Cette solitude se traduisait aussi par leurs idées...
La philosophie de Spinoza était tellement révolutionnaire que peu d’esprits pouvaient la comprendre. Les idées de Jung étaient également singulièrement en avance sur leur temps : on était dans une époque très scientiste, scientifique, cartésienne. On ne croit alors que ce que l’on peut voir et lui s’intéressait à tous les phénomènes paranormaux : le spiritisme, la transmission de pensée, la synchronicité, la précognition… Selon Jung, ces phénomènes existaient vraiment et il fallait les étudier, malgré les conseils de Freud qui lui disait d’arrêter de s’y intéresser, car cela risquait de nuire gravement à sa réputation. Jung lui aurait répondu : «
Je me fiche de la réputation, ce qui m’intéresse, c’est la vérité. » Il rejoint Spinoza, qui préfère lui aussi la vérité au conformisme intellectuel de son temps. Ce sont deux chercheurs de vérité qui ont assumé une solitude intellectuelle de par l’exigence de leur quête.
Il y a bien une petite différence... notamment dans leurs modes de vie respectifs ?
Oui, elle réside dans le fait que Spinoza est un sage. À travers son mode de vie sobre, il a cherché à mener une vie conforme à sa philosophie. Il voulait vivre simplement, travailler de ses mains, ne pas toucher de rentes (il a d’ailleurs rendu l’argent qu’il avait touché), alors qu’il était pauvre… On sait qu’il était tout le temps affable, joyeux, avec certes un peu d’ironie, mais jamais méchant.
Jung, en revanche, n’était pas un « sage » du tout : c’était un grand vivant qui croquait la vie, qui avait des besoins matériels importants. C'est d’ailleurs pour cela qu’il a épousé une riche héritière. Il pouvait se montrer assez brutal et autoritaire. Il était dur avec les forts, mais doux avec les faibles. Il nourrissait la même intransigeance envers lui-même qu’avec les autres, sauf avec les malades. D’un côté, il y a un grand désir de congruence, et de l’autre côté, un génie avec ses idées, mais dont la personnalité ne se montre pas toujours sympathique ni cohérente…
Je me fiche de la réputation, ce qui m’intéresse, c’est la vérité.
Quand et de quelle manière avez-vous rencontré leur pensée ?
J’ai d’abord rencontré Jung lorsque j’ai lu
Ma vie, son autobiographie. Son étude de la psyché humaine m’a passionné. J’ai rencontré Spinoza plus tard, à l’âge de quarante ans, lorsque j’ai étudié la question du bonheur dans la philosophie. J’ai lu l’
Éthique et cela a été une révélation ! J’ai vraiment trouvé cet homme génial.

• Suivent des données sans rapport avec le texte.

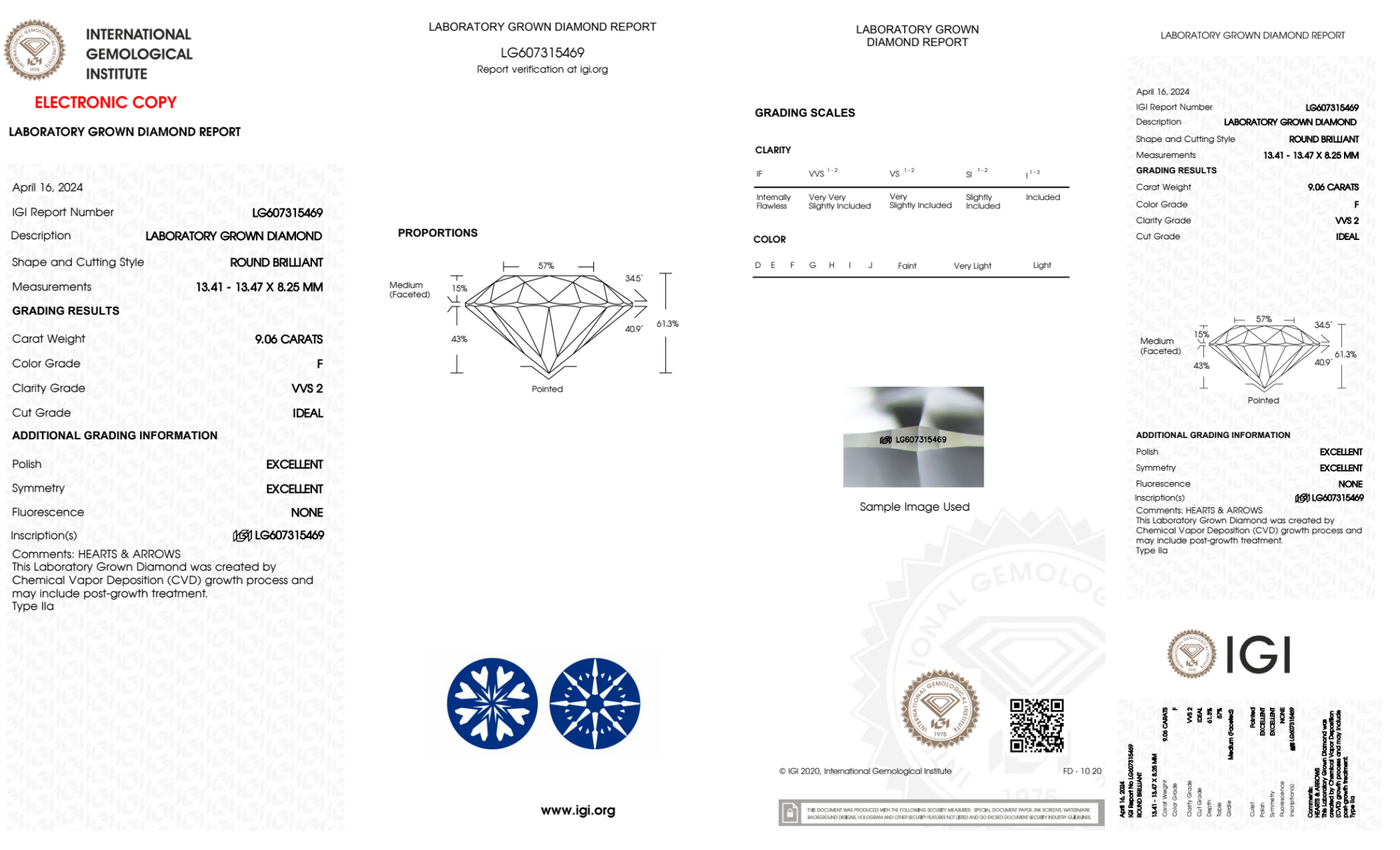 Your 9.06 carat Round lab diamond is graded F color (Colorless), and you can read more about F color diamonds here.
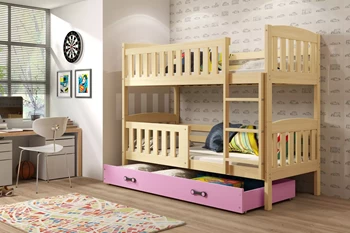 Pat supraetajat junior KUBUŚ 90X200 cu saltea și sertar, pin/roz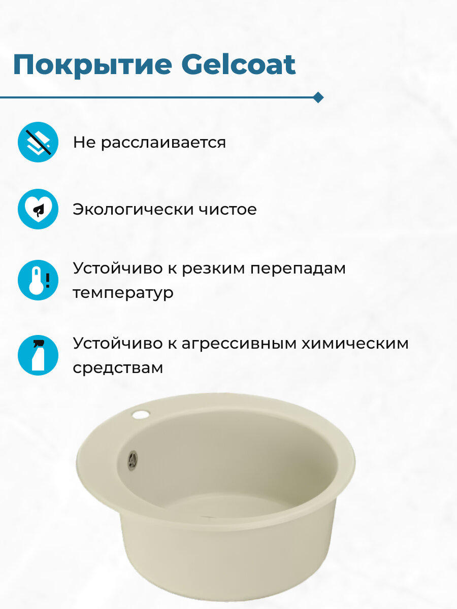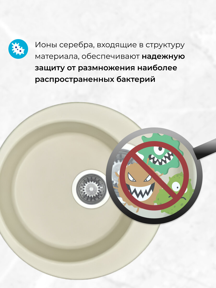 Мойка кухонная Иверия круглая 480мм жемчуг 1A711032IV240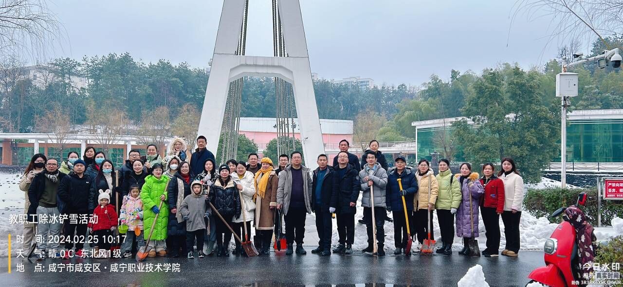 近日,受大风寒潮冰冻雨雪天气影响,咸宁职业技术学院校内道路、教学场地结冰积雪。面对冰与雪的考验,为有效保障学生校园安全,以及新学期开学的正常进行,根据学校下达的通知,人文艺术学院全体师生开展了“消冰除雪”活动。

En quoi Spinoza vous a-t-il touché ?
Par sa personnalité, son exemple de vie, son intégrité… et aussi par ses idées, sa métaphysique, son éthique et sa philosophie politique. C’est le premier philosophe des lumières, le premier à dire (cent ans avant Voltaire) qu’il faut séparer la politique et le religieux, créer un État de droit qui garantit la liberté de conscience et d’expression. Sa philosophie éthique ne repose pas comme Kant sur la morale du devoir, l’impératif catégorique, ou sur une morale religieuse, mais sur la connaissance de soi. Son désir est d’être dans la joie. Il nous dit que c’est parce que nous agissons bien que nous serons dans la joie la plus grande, en orientant nos désirs de manière bonne, juste, pour nous et pour les autres.